Stopping point for Wednesday August 22. For next time, continue reading “Some Consequences”: EP1:29-38.

 

 



[1] According to Magee, Peirce coined the term “fallibillism,” although the idea was not new with him--Magee says a handful of Peirce’s contemporaries in the sciences were also fallibilists. Magee says this in his interview of Stanley Morgenbesser in The Great Philosophers, p.285. Cf. James Rachels’ discussion of philosophy done with “risk” (in which one’s common-sense beliefs about morality and other topics can be overturned) vs. “safe” philosophy (e.g., Moorean insulation, in which common-sense can never be shown to be wrong by philosophical arguments), in Can Ethics Provide Answers? pp.1ff.

[2] Brent quotes from this in the intro to his bio, but says it’s from around 1887 and might be “a prefatory note to his projected book ‘A Guess at the Riddle’”. But Robin says its c.1897 (it’s MS 865). Need to email PEP to get date (I quote from a similar MS, 867, in chapter 1; ask PEP about both).

[3] For more on Aquinas, see this Stanford Encyclopedia of Philosophy article: http://plato.stanford.edu/entries/aquinas/ .

[4] Cf. this passage, from 1898: “Detached experiments, like detached thoughts or detached soldiers, are of little account. It is when they are massed into squads, and companies, and battalions, and regiments, and brigades, and divisions, and armies that they become strong and stronger. There are plenty of experiments that are easy to make and which in systematized masses are potent instruments of learning. An active mind ought always to be carrying on some systematic experimentation.” (RLT 188)

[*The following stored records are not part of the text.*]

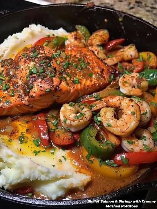 🐟 Skillet Salmon & Shrimp with Creamy Mashed Potatoes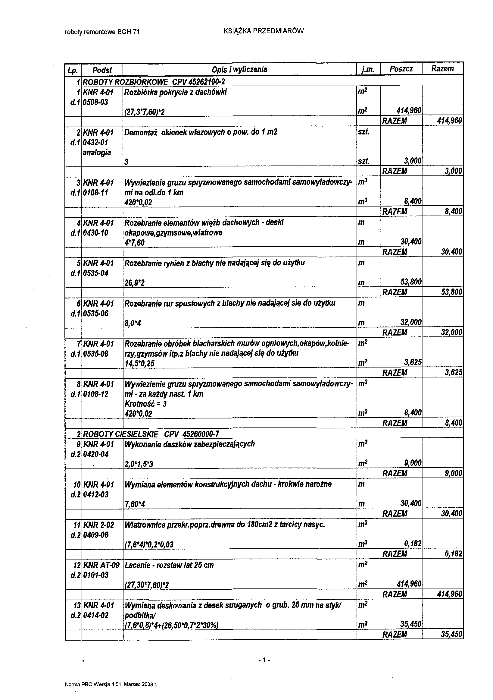 a) Przedmiar robót – załączniki Załącznik 10a przedmiar 71, Załącznik 10b przedmiar 71, Załącznik 10c przedmiar 71 oraz Załącznik 10d STWiORB 71 załącznik nr 10a- 10d do Ogłoszenia o Zamówieniu,
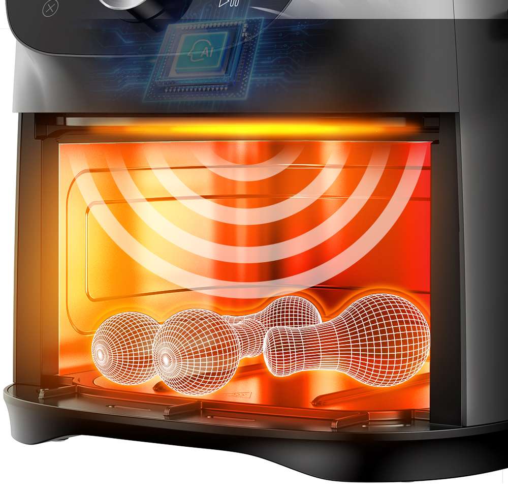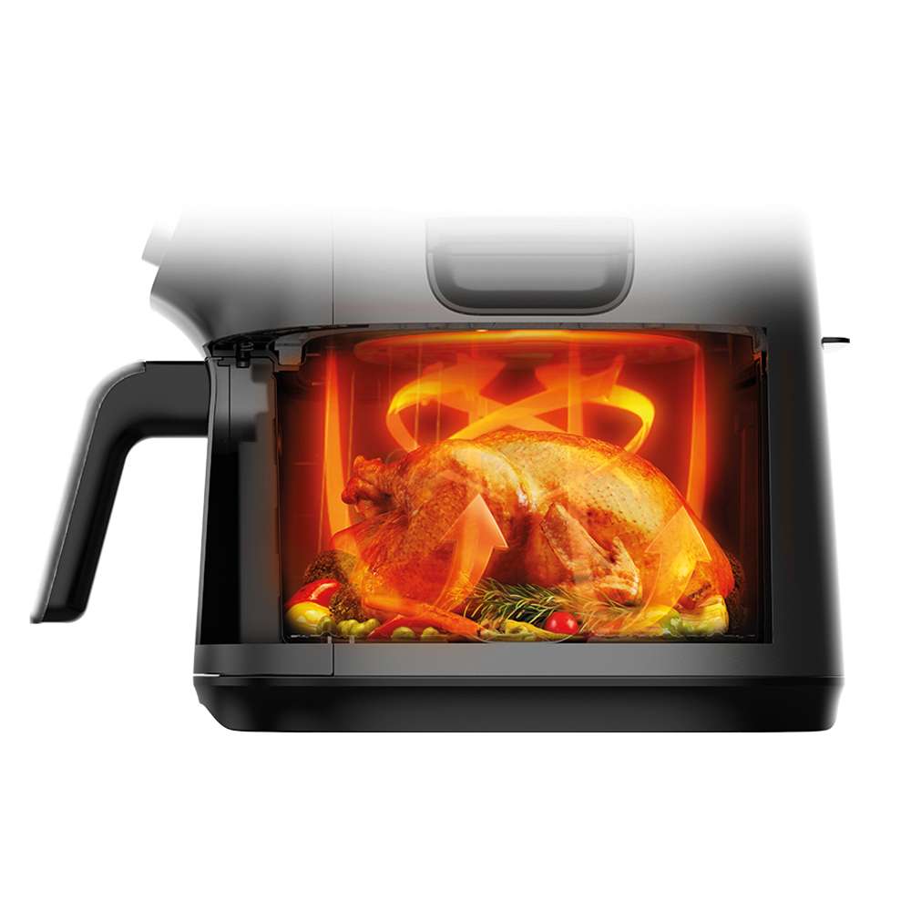 Sự kết hợp giữa bộ gia nhiệt hiệu suất cao, động cơ đối lưu mạnh và khoang lò thiết kế tối ưu tạo ra luồng khí siêu nhiệt “cơn lốc xoáy” giúp thực phẩm chín đều từ trong ra ngoài. Lớp mỡ thừa tan chảy và chảy xuống khay tách dầu, giảm dầu mỡ nhưng vẫn giữ được độ ẩm và hương vị thơm ngon.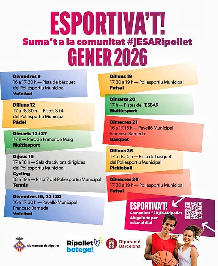 Al llarg de gener, el Poliesportiu Municipal de Ripollet i altres equipaments esportius del municipi acolliran una àmplia programació d’activitats. Bàsquet, futbol, handbol, pàdel i moltes altres disciplines esportives formen part d’una oferta pensada per fomentar la participació, la diversió i el treball en equip.
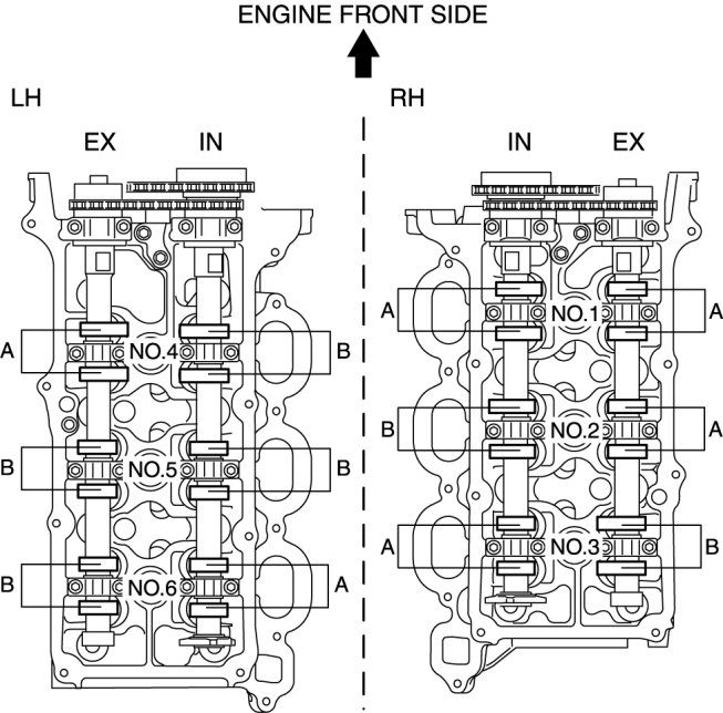 d. Rotate the crankshaft clockwise 360 ° so that the No.5 cylinder is at TDC of the compression stroke.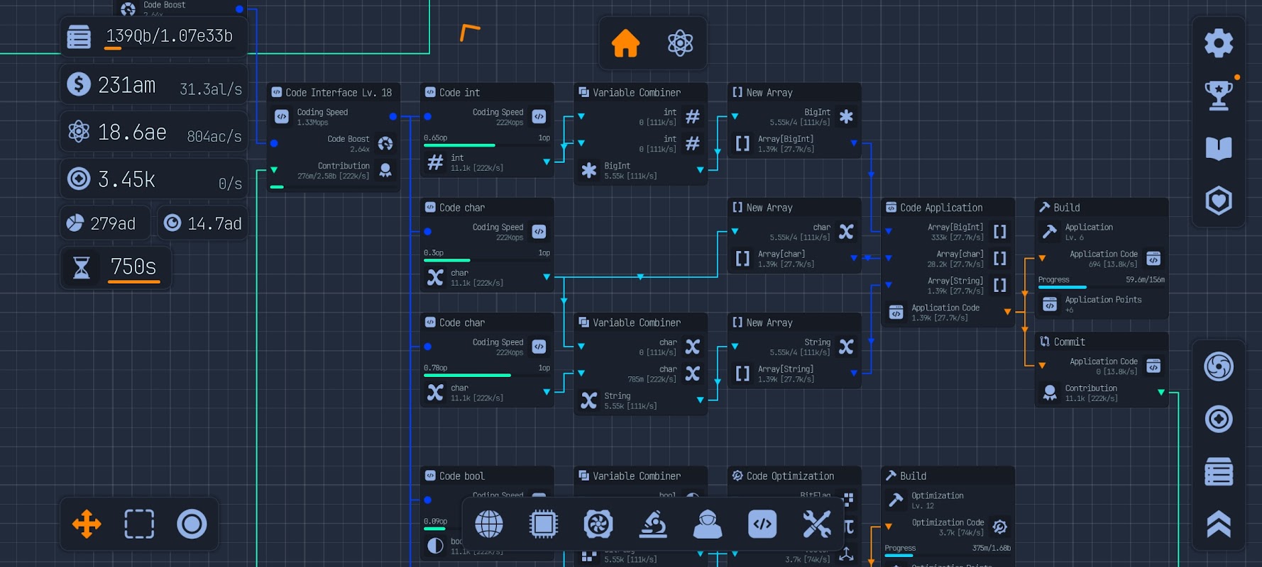 Willkommen in den Laboren! In Upload Labs musst du das Universum vor dem unvermeidlichen Wärmetod retten. Nutze deinen Einfallsreichtum und deine Fähigkeiten, um optimierte Systeme mithilfe eines knotenbasierten Systems zu erstellen. Diese Knoten sind fensterartige Schnittstellen, die Komponenten und Prozesse in deinem Computer darstellen. Verbinde Knoten von Ausgabe zu Eingabe, um Ressourcenfluss und Datenpipelines zu steuern.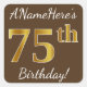 Adesivo Quadrado Castanho, Faux Dourado 75.º Aniversário + Nome Per
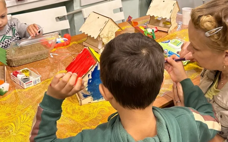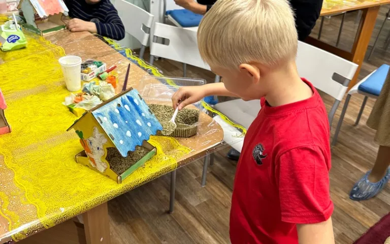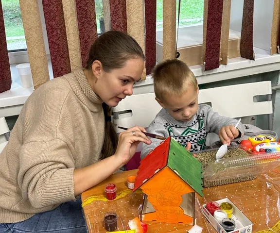 Тишина на занятии, улыбки на лицах детей и мам, прекрасные яркие кормушки свидетельствуют о правильно и органично подобранной теме и профессионализме нашего мастера Елены Соловьевой, работающей с ребятами.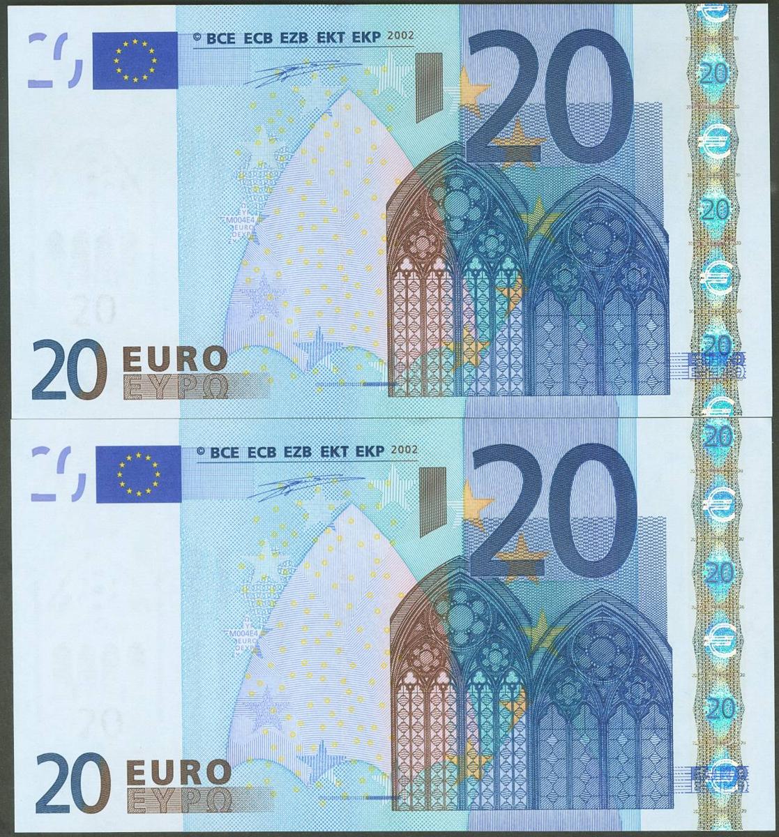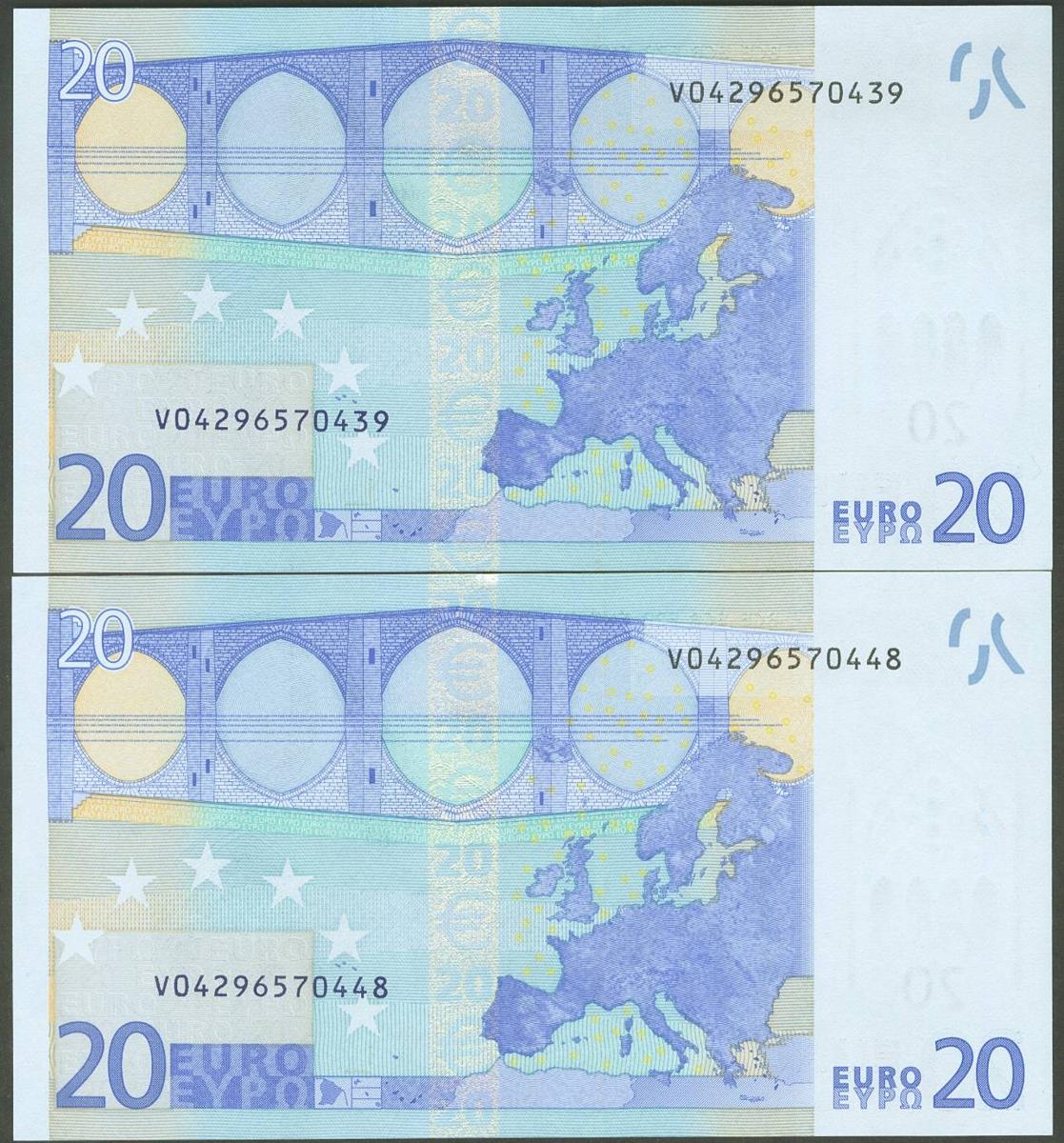 20 Euros. 1 de Enero de 2002. Pareja correlativa (cabe recordar que el último dígito de todos los billetes denominados en euros es para control interno del Banco Central Europeo, el que marca la correlatividad de los billetes es el penúltimo dígito). Firma Duisenberg. Serie V (España). (Edifil 2021: 488). SC

[5] I take the term “cognitionism” from Peirce (R 655, p.32, 1910), and although I suspect I am using it in roughly the way he did, I am not completely sure about this. [“R” stands for the Peirce manuscripts held by the Houghton Library, Harvard University, as cataloged by Richard Robin – these are available in a set of microfilm that our library should soon own.] In the passages quoted above, Peirce suggested that he took the view I call cognitionism to be a form of idealism; I won’t use that term here, since it is most frequently used to describe the view that everything that is, is mental (this is Bishop Berkeley’s form of idealism).

 

[6] EP 2:48, CP 1.135-36, Reasoning and the Logic of Things (RLT) 178-79, 1898. At the end of this lecture, he lists four ways of blocking inquiry, the third of which is to suppose that some fact or phenomenon is inexplicable. Says Peirce, the only sort of inference that could possibly justify this same is retroduction (i.e., inference to the best explanation; he is assuming that neither deduction nor induction could justify such a claim). Further: “Now nothing justifies a retroductive inference except its affording [an] explanation of the facts. It is, however, no explanation at all of a fact to pronounce it inexplicable. That therefore is a conclusion which no reasoning can ever justify or excuse.” (EP 2:49, CP 1.139, RLT 180) I take this to be a more developed version of the argument he gave at EP 1:29, CP 5.265.